154 (Minn. 2011) (second alteration in original) (quoting Minn. Stat. § 645.16). But giving

effect to section 169A.51, subdivision 3(a), does not compel Torrez’s construction of

Clause 2(2), and we agree with the court of appeals’ analysis on this issue. See Torrez,

8 N.W.3d at 679. Section 169A.51 falls under the list of statutes entitled “Administrative

Provisions,” while section 169A.20 is under “Criminal Provisions.” Section 169A.51,

subdivision 3(a), prescribes the treatment of chemical tests for intoxication as used for the

purposes of administrative, civil license revocations. The language is thus not superfluous

as it pertains to civil license revocations.

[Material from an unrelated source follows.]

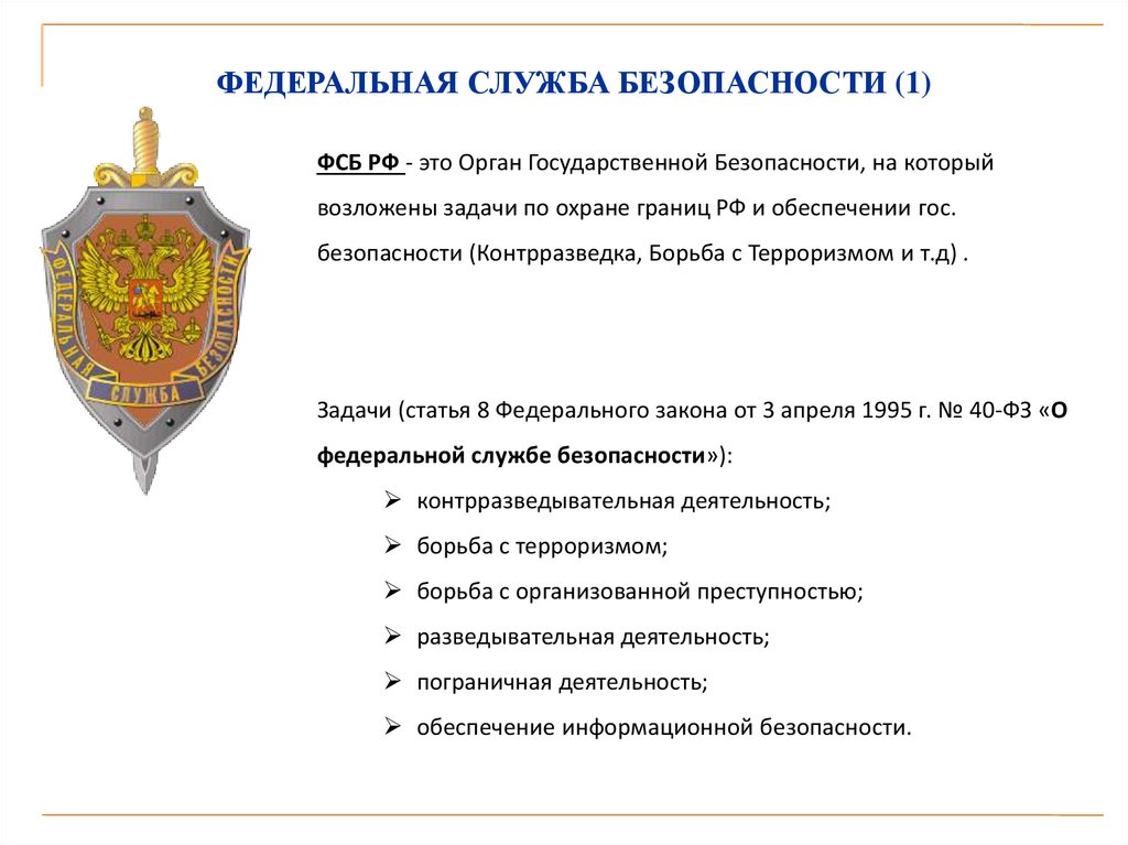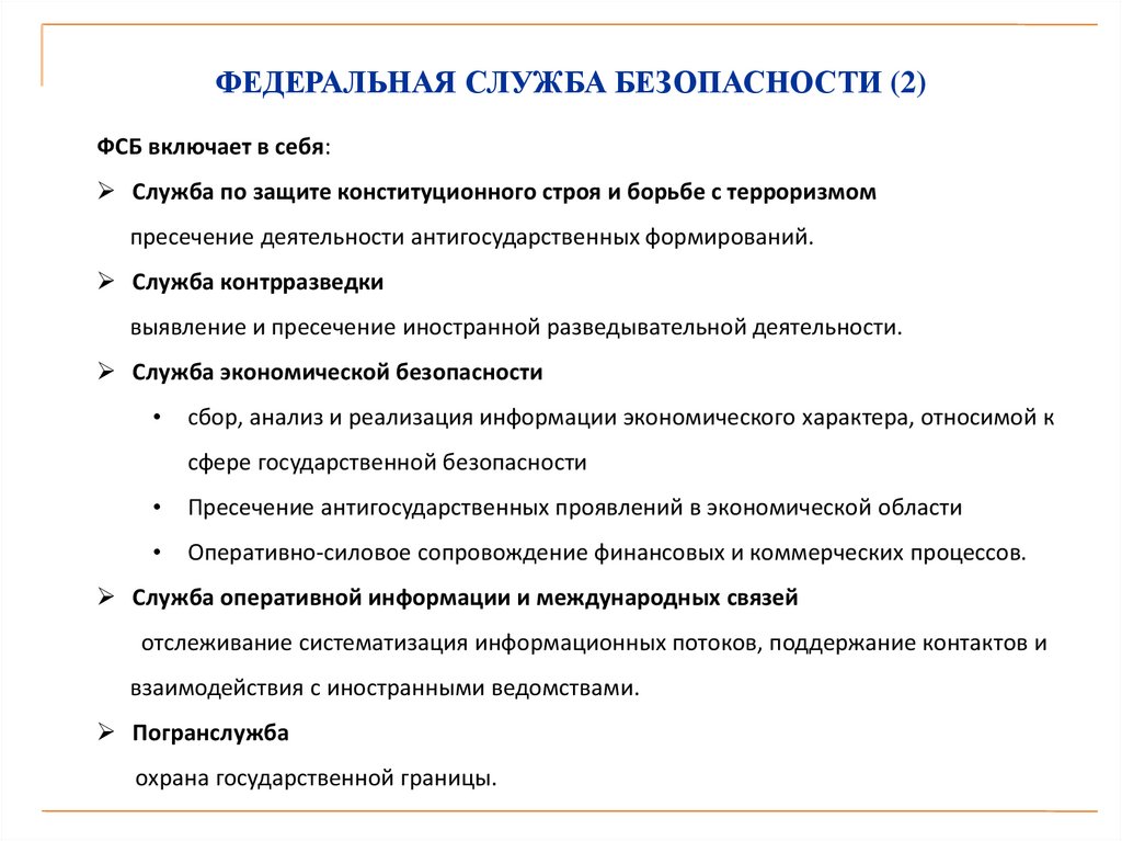 ФЕДЕРАЛЬНАЯ СЛУЖБА БЕЗОПАСНОСТИ (2)ФСБ включает в себя:

We therefore hold that when a defendant is charged with refusing a blood or urine

test required by a search warrant in violation of Minnesota Statutes section 169A.20,

subdivision 2(2), the State is not required to prove that the arresting officer had probable

cause to believe the defendant was driving, operating, or in physical control of a motor

vehicle while impaired. As a result, the district court did not abuse its discretion in deciding

not to submit Torrez’s requested probable cause instruction to the jury.

CONCLUSION

For the foregoing reasons, we affirm the decision of the court of appeals.

Affirmed.

GAÏTAS, J., took no part in the consideration or decision of this case.